(Supplied material begins)

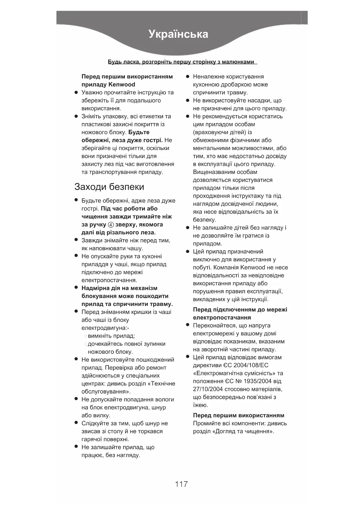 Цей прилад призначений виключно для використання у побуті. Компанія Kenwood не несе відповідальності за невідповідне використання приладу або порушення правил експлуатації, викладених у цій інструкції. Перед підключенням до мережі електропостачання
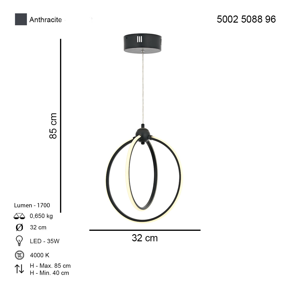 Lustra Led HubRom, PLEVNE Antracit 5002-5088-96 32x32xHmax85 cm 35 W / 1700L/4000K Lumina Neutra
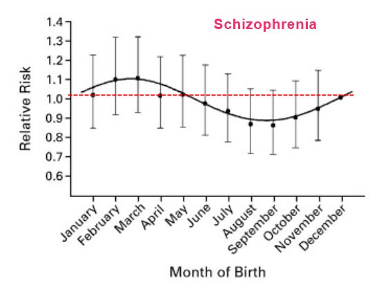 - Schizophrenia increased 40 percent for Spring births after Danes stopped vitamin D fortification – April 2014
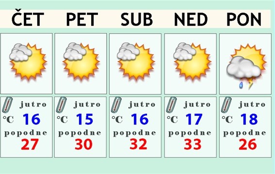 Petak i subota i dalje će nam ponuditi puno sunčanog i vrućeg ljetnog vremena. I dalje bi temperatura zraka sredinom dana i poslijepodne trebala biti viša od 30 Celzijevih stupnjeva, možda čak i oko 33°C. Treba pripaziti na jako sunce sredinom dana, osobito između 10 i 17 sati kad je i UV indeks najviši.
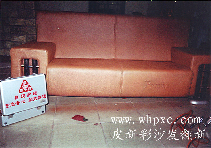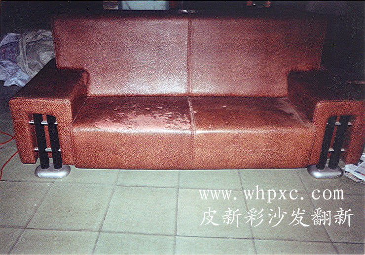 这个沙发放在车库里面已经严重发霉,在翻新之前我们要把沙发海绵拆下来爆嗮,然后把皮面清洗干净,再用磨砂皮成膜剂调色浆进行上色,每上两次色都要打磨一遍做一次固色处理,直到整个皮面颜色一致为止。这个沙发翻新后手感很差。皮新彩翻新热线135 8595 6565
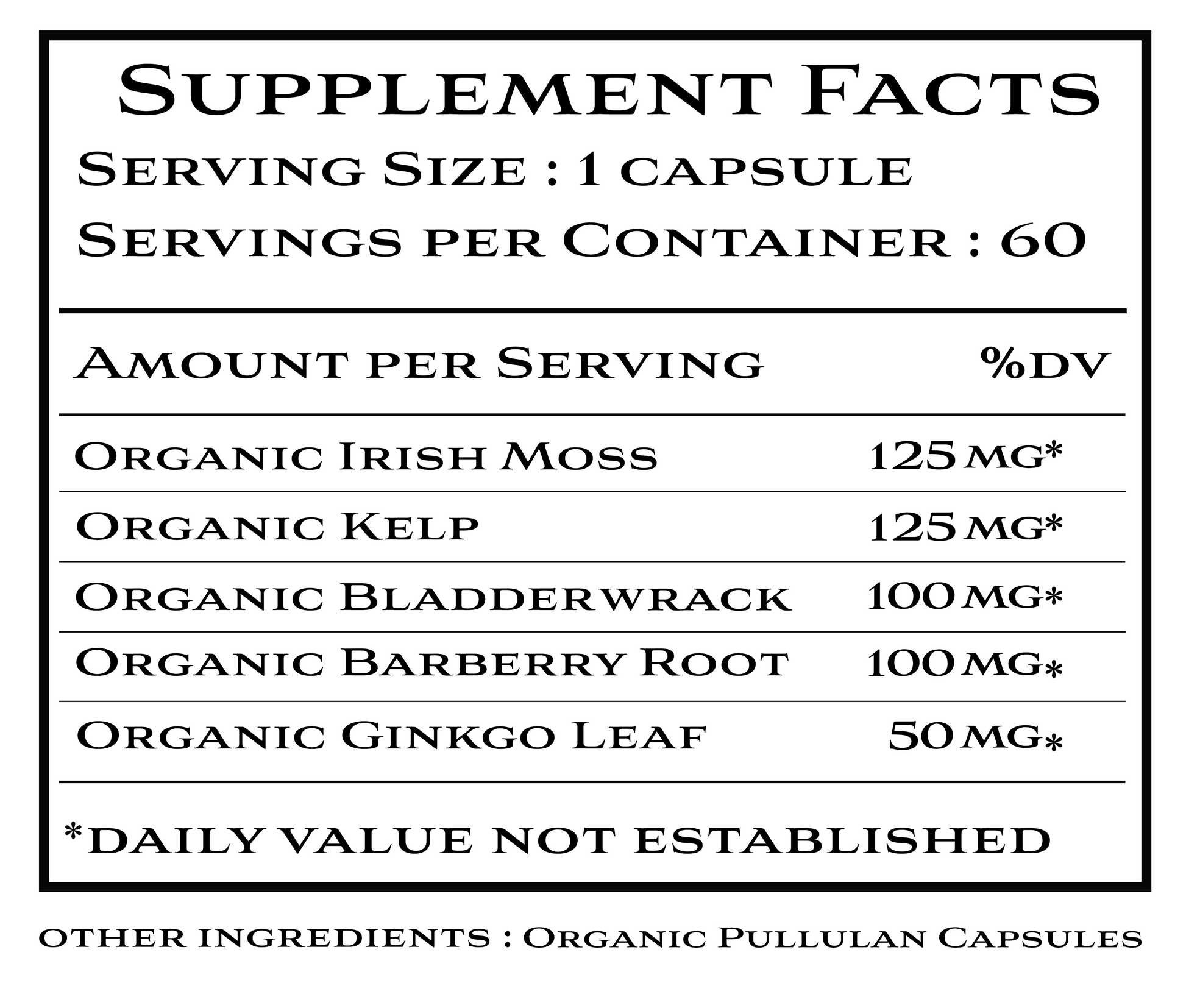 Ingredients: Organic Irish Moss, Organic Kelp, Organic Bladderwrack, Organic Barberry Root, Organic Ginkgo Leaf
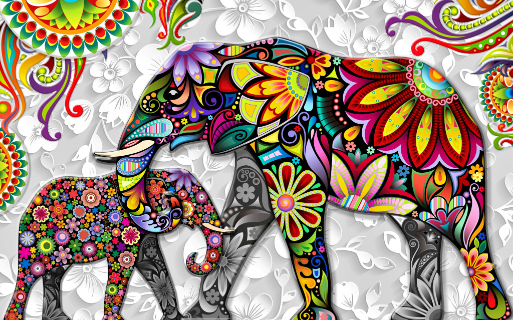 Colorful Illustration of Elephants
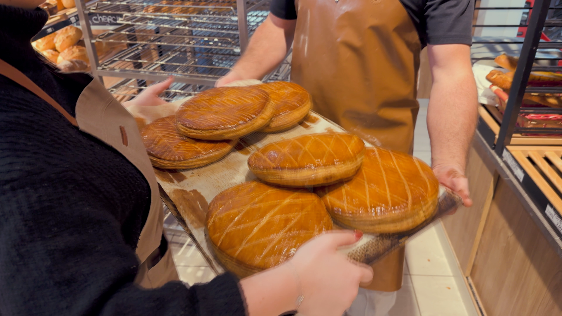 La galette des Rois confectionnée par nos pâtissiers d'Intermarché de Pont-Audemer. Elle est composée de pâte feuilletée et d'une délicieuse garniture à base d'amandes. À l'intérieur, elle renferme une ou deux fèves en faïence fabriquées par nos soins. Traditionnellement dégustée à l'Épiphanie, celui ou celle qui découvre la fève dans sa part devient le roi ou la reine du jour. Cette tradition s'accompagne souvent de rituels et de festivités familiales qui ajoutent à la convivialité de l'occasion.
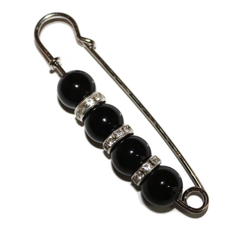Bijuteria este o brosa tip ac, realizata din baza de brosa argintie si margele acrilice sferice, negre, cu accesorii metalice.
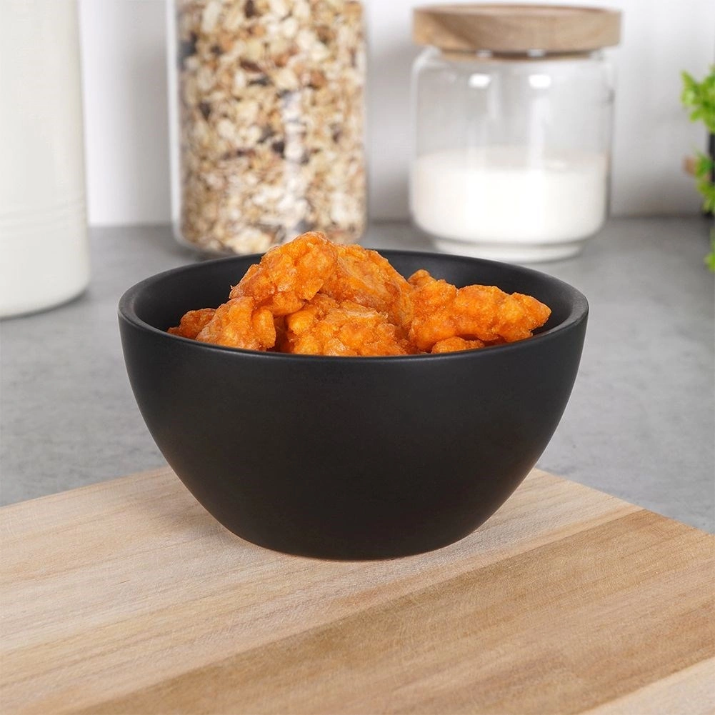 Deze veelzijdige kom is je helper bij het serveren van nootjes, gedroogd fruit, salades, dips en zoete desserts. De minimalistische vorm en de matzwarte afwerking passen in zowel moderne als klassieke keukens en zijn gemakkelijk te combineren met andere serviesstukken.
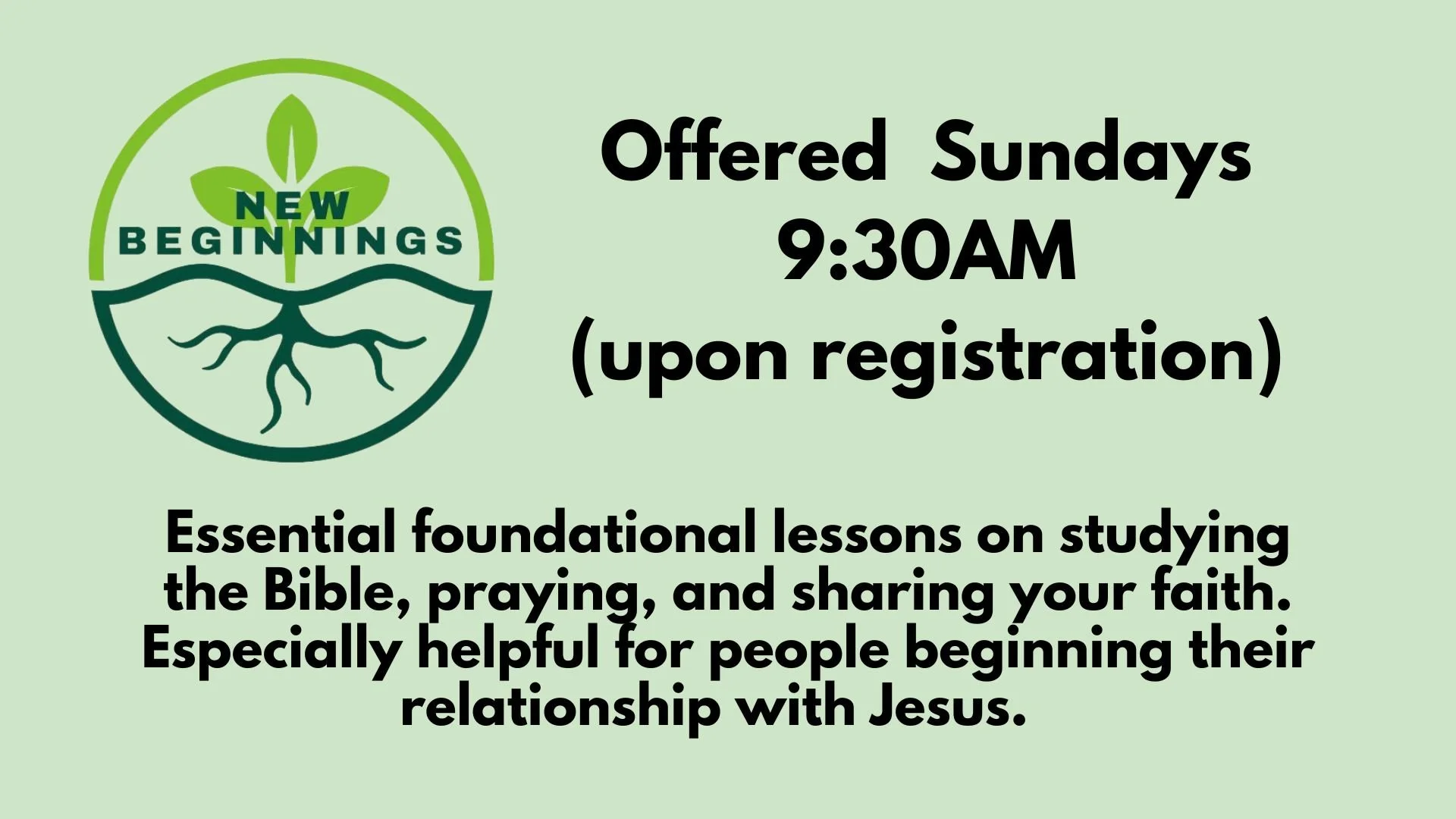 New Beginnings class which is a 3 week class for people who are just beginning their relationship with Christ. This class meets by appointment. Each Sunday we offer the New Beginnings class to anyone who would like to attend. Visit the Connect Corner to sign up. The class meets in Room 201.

(Supplied material ends)

[What to do]
Restate word for word the lines of the data above that begin at the line with "La galette des" and end at the line with "Deze veelzijdige kom", keeping both ends and dropping every picture.

[Response to the task]
 La galette des Rois confectionnée par nos pâtissiers d'Intermarché de Pont-Audemer. Elle est composée de pâte feuilletée et d'une délicieuse garniture à base d'amandes. À l'intérieur, elle renferme une ou deux fèves en faïence fabriquées par nos soins. Traditionnellement dégustée à l'Épiphanie, celui ou celle qui découvre la fève dans sa part devient le roi ou la reine du jour. Cette tradition s'accompagne souvent de rituels et de festivités familiales qui ajoutent à la convivialité de l'occasion.
Bijuteria este o brosa tip ac, realizata din baza de brosa argintie si margele acrilice sferice, negre, cu accesorii metalice.
 Deze veelzijdige kom is je helper bij het serveren van nootjes, gedroogd fruit, salades, dips en zoete desserts. De minimalistische vorm en de matzwarte afwerking passen in zowel moderne als klassieke keukens en zijn gemakkelijk te combineren met andere serviesstukken.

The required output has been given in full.